Dropped External Hard Drive

External Hard Drive

Losing precious data hurts, especially if a dropped external hard drive contains data that is not backed up. Most dropped external hard drives I receive from customers contain data that is not stored anywhere else. I can help you recover your business documents, music collection, Word files, Excel Spreadsheets, and family photos.

Portable hard drives are more frequently dropped. Many points of failure are possible when a hard drive is dropped. Sensitive components within the hard drive tend not to play well with strong impacts. Dropping a drive that is spun up (running) and impacts that occur on a hard surface spell trouble.

I dropped my external hard drive, now what?

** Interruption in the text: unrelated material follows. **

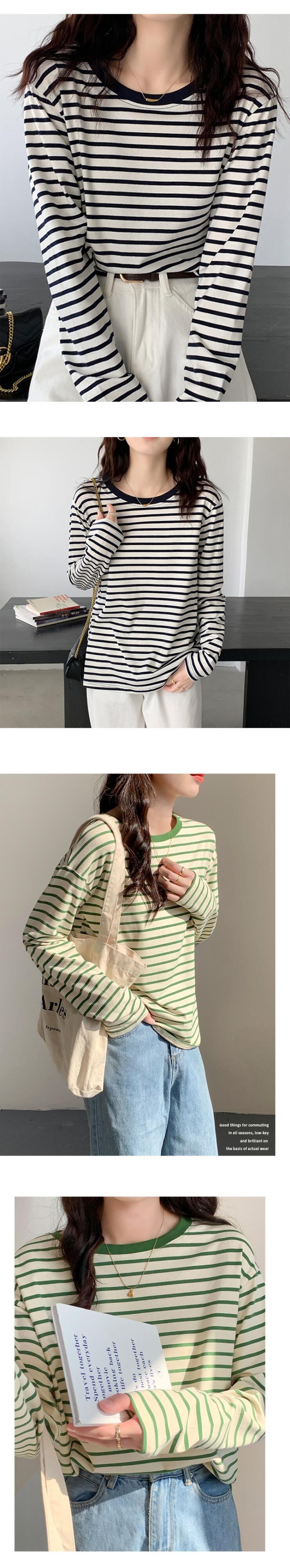 秋 Tシャツルーズコットン Tシャツトップ Tシャツグリーンブラックストライプ長袖 Tシャツ基本的冬 ロング オータム 秋物 ウィンター 冬物
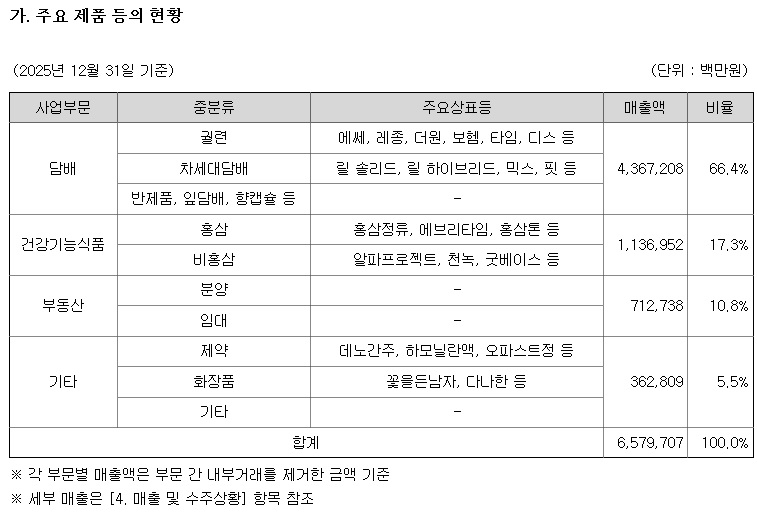 KT&G는 궐련 및 차세대 전자담배인 HNB 등의 제조와 판매 사업을 운영하는「담배사업부문」, 홍삼 및 비홍삼 건강기능식품 등의 제조 및 판매 사업을 운영하는「건강기능식품사업부문」, 부동산 개발 및 임대 사업을 운영하는「부동산사업부문」, 의약품/화장품의 연구개발, 제조, 판매 등의 사업을 운영하는「기타사업부문」으로 구분할 수 있어 전매사업이 중단된 이후에도 대한민국 대표 상품인 인삼의 해외판매가 늘어나면서 일본식 명칭인 "진생"에서 우리말인 "인삼"이 새롭게 대두되는 것처럼 존재감을 어필하고 있습니다

Some drives fail instantly others don’t actually fail right away. Failure can be immediate or days, weeks and in rare cases even a month later once a hard drive does fail, it takes all of your data with it!

If you are in need of dropped hard drive recovery services, I am an engineer who can help. A dropped hard drive needs care and attention, and the majority of the time replacement parts. A diagnostic is the first step and allows a professional to open your drive to confirm its status. If you hear a clicking or other noises, the internal components have been damaged by the force of the impact.

Get Your Data Back in 4 Steps

  1. Submit a Data Recovery Case
  2. You will be contact for more details
  3. Mail in your drive, Electronically Sign a Data Recovery Diagnostic
  4. Approve recovery, and once complete your data will be give to you on a new hard drive

 

What Makes a Dropped External Hard Drive Unreadable?

The following common problem occurs when a drive is dropped:

  • The actuator arm has come off the parking ramp and hit the platters
  • The read/write heads are damaged
  • The read/write heads have hit the platter and now are stuck
  • The actuator arm is misaligned
  • The spindle has been damaged
  • Firmware, bad sectors, or issues have made the drive unreadable

How Can Firmware Kill a Dropped Hard Drive?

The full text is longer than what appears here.